The nonsense goes even deeper than this. The Countryside Agency chooses to ignore the fact that common rights are real property - attached to the land and purchased with it. The rights belong to the commoners just as much as his back garden belongs to a Southampton resident. In the 19th Century, various eminent land agents and valuers assessed the worth of the rights as a proportion of the whole value of the Forest. It was suggested that a fair division was 75% to the Commoners and 25% to the Crown (public). For practical (not legal) purposes, the Commoners thus "owned" three quarters of the Forest. This is a concept unfamiliar to modern ears. When I was explaining it to a group of London students a few years ago, one of them jumped up and announced that "All private property is theft "! If one shares this student's view of the matter, then the sooner a national park authority is established effectively to disenfranchise the commoners, the better. That would be the outcome, if not the deliberate objective, of the Countryside Agency's ambitions. One or two votes on a park authority of perhaps twenty five councillor members would be absolutely meaningless and certainly of no more consequence than a flea on a dog's back - an irritation easily silenced by a good scratch.

Yernagates Nap

Some Forest placenames have a disconcerting habit of moving about over time. This most unusual name of all is one of those which has migrated. For the past century, the Ordnance Survey maps have shown a small deciduous wood south of Little Linford Inclosure as Yernagates Nap, although it is not a name I have heard used very much.

During August, the New Forest Section of the Hampshire Field Club commenced an excavation of a roughly circular earthwork enclosure on a little hill just inside Little Linford and immediately adjoining the keeper's cottage. At the time of writing, work on the site continues, but it seems likely that this is one of those earthworks which will keep its secrets.

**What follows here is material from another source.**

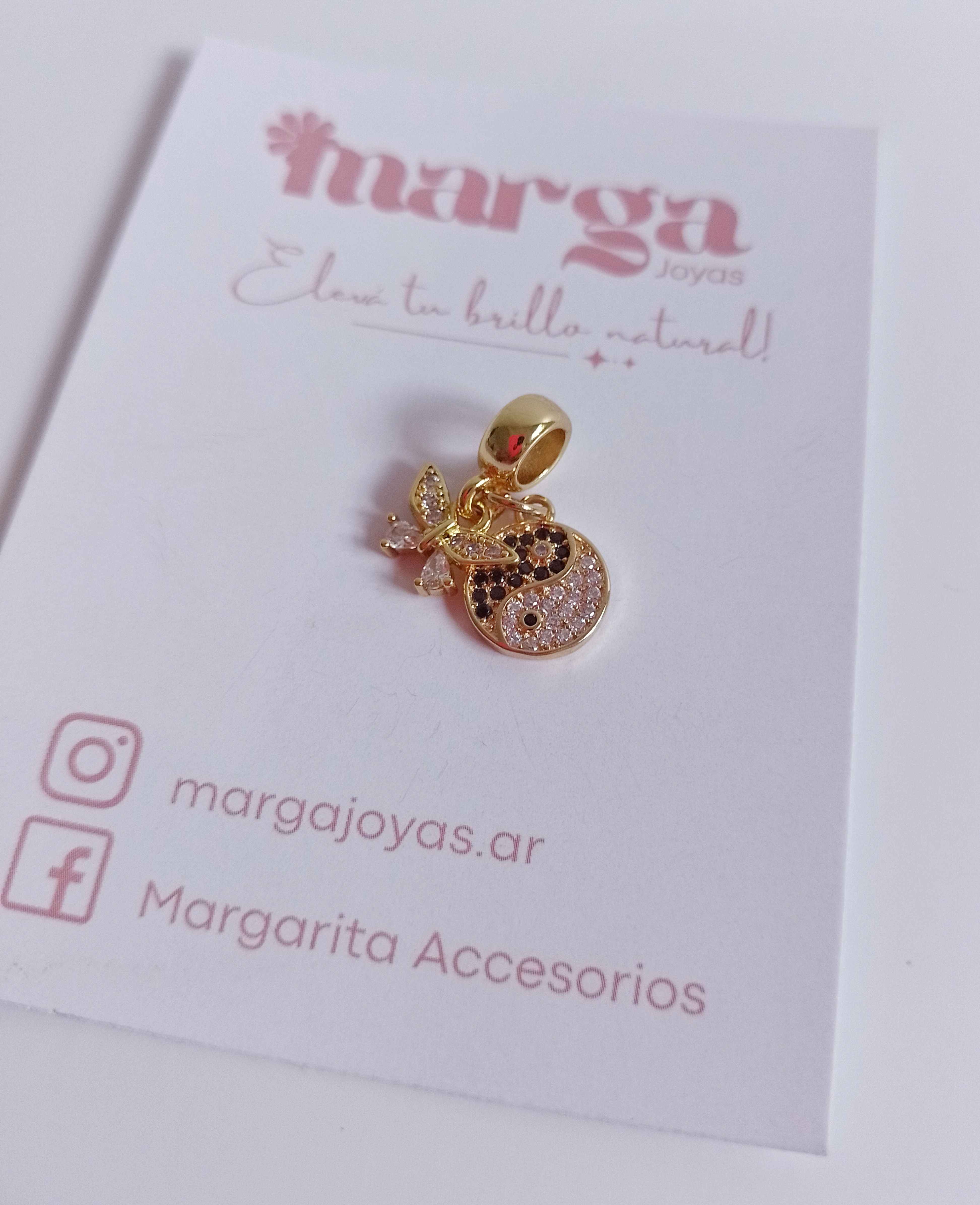 •Dije Laminado en Oro con Cubics y Micropavé en color cristal y negro

No finds which could date this enigmatic feature have yet been made. The best guess as to its origin is that it was some form of prehistoric cattle pound (about one acre in extent) . A Bronze Age date is a possibility. However, the field archaeologist who made the original discovery, Chris Read from Romsey, has been checking the modern maps against Richardson, King and Driver's superb New Forest survey of 1787. This reveals that the name Yernagates Nap was originally applied to the hill on which the earthwork lies. In 1846, the area was fenced in and planted with oak, some of which remains. The hill was buried by the plantation and the name became displaced and attached to the isolated wood to the south. Whether such relocation for a century or more gives the new site a prescriptive entitlement to the name is an interesting question of Forest politics and local history which has yet to be resolved.